Hannah Alex Younger, Relational Values, 2017, Thiox monoprints on hand-dyed, hand-woven Tencel. Image courtesy of the artist
Through the virtual exhibition, viewers can dive deeper and learn more about all 50 participating artists. Ahn Lee’s cocoon was created in response to the violence Lee experienced as a Chinese person in relation to COVID. Nasim Moghadam’s The Birth Certificate, a monumental sculptural installation enlarging eight pages of her birth certificate booklet, represents female hyphenated identity in the Middle East and explores the identity of women concerning culture and society.
This exhibition invites the viewer to slow down and take time to peruse the artist pages and to learn more about artists such as Kenya Alkebu a “lifer” inmate in the Louisiana Department of Corrections and his quilt Red, White & Baldwin, a celebration and recognition of his love of the writer, James Baldwin. Efrat Hakimi’s Sims Series features paper embossed with the outlines of surgical tools used by James Marion Sims who conducted non-consented experiments and surgeries on enslaved black women in the 1840’s in Alabama.
Sobia Ahmad, Elizabeth Alexander, Kenya Alkebu, Cassie Arnold, Josh Azzarella, Leslie Boyd, Kimberly Camp, Gaye Chan, Gregory Climer, Isaac Couch, The’Shima Craver, Tara Daly, Kimberly English, Jen Graham, Lily Guillen, Efrat Hakimi, Holly Hanessian and Michael Austin Diaz, Alison Kysia, Connie DK Lane, Ahn Lee, Susan Lenz, Beili Liu, Cathy Lu, Katrina Majkut, Kimberly McKinnis, Elizabeth Miller, Nasim Moghadam, Shavon Morris, Ann Morton, Richard-Jonathan Nelson, Ramekon O’Arwisters, Jacob Olmedo, Kasia Ozga, Bridget Parlato, Beverly Patterson, SV Randall, Shani Richards, Dora Lisa Rosenbaum, Justin Rothshank and Isaac Scott, Julia Kim Smith, Erin Stafford, Tim Tate, Amelia Toelke, Abegael Uffelman, Winnie van der Rijn, Flora Wilds, Anne Wolf, Evelyn Wong, Yu-Wen Wu, and Hannah Alex Younger.

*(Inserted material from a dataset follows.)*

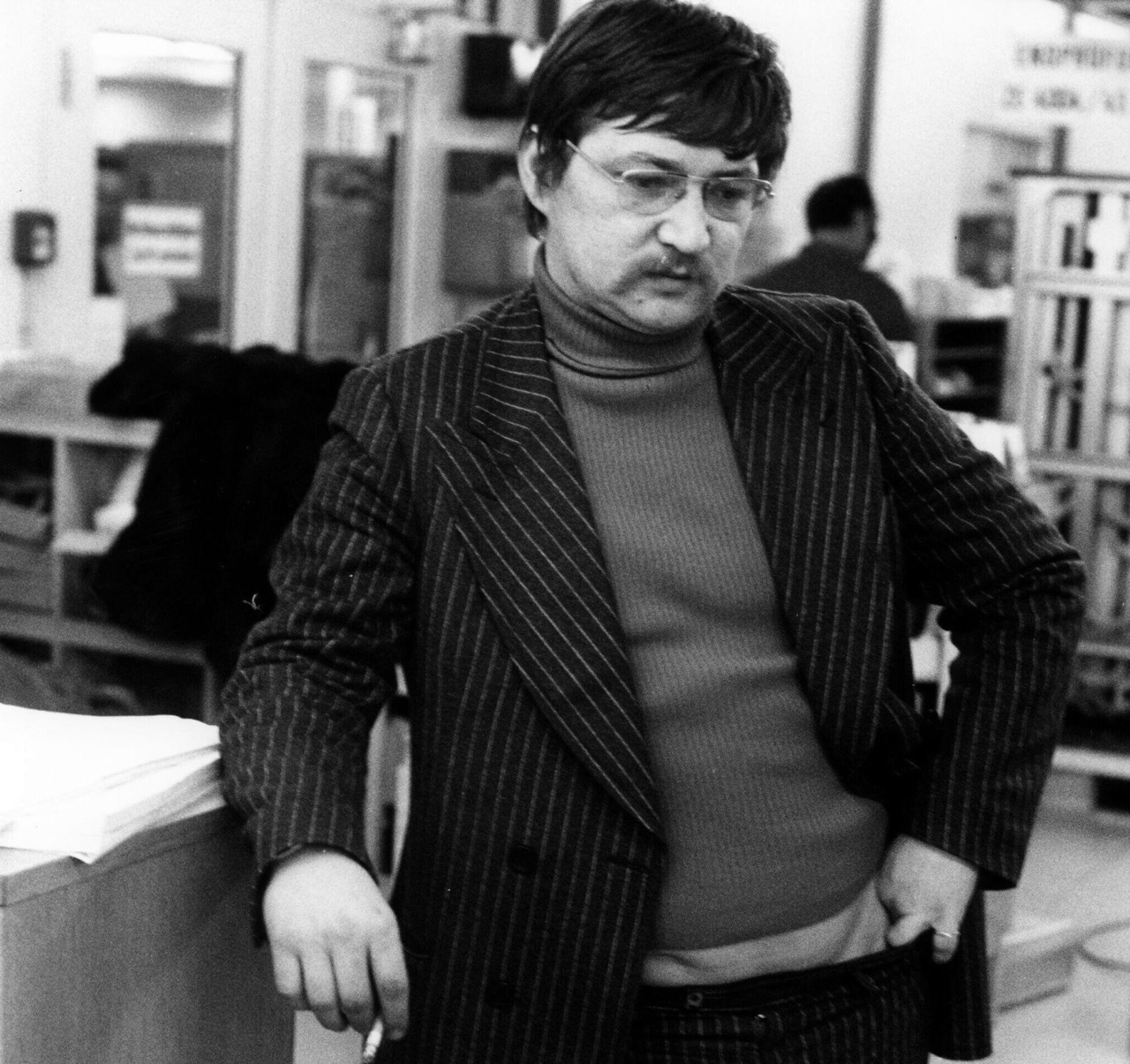 Con un traje de raya diplomática, ceñido sobre un jersey de cuello vuelto de punto, Fassbinder era la definición de la elegancia en el plató de su película de 1973 Un mundo en el aire. Sin embargo, el cigarrillo que le colgaba de las yemas de los dedos y la parte del vientre que asomaba, son lo que realmente hace que todo este look cante.

For more information contact:
Sarah Beth Rosales, Marketing and Communications Director at firstname.lastname@example.org or at 415.773.0303
Top Image: Sobia Ahmad, wherever you are is called Here (detail), 2019, screen-print of maps of various locations in Pakistan. Image courtesy of the artist
About the Museum of Craft and Design
The Museum of Craft and Design (MCD) is San Francisco’s only museum devoted to craft and design. Founded in 2004, MCD showcases designers, makers, and artists through an exciting and distinctive series of craft and design-focused exhibitions and public programs. As a non-collecting institution, the museum actively collaborates with artists, designers, museums, and universities, as well as design venues and practitioners to create inspirational experiences in the world of craft and design for visitors of all ages. Learn more at sfmcd.org
The Museum of Craft and Design is located at 2569 Third Street (between 22nd and 23rd), in the historic American Industrial Center in San Francisco’s vibrant Dogpatch neighborhood. MCD is a North American Reciprocal Museum (NARM) member, a Blue Star Museum, and participates in Museums for All and ROAM. MCD offers free admission to our nation’s active-duty military personnel, essential workers, first responders, and their families.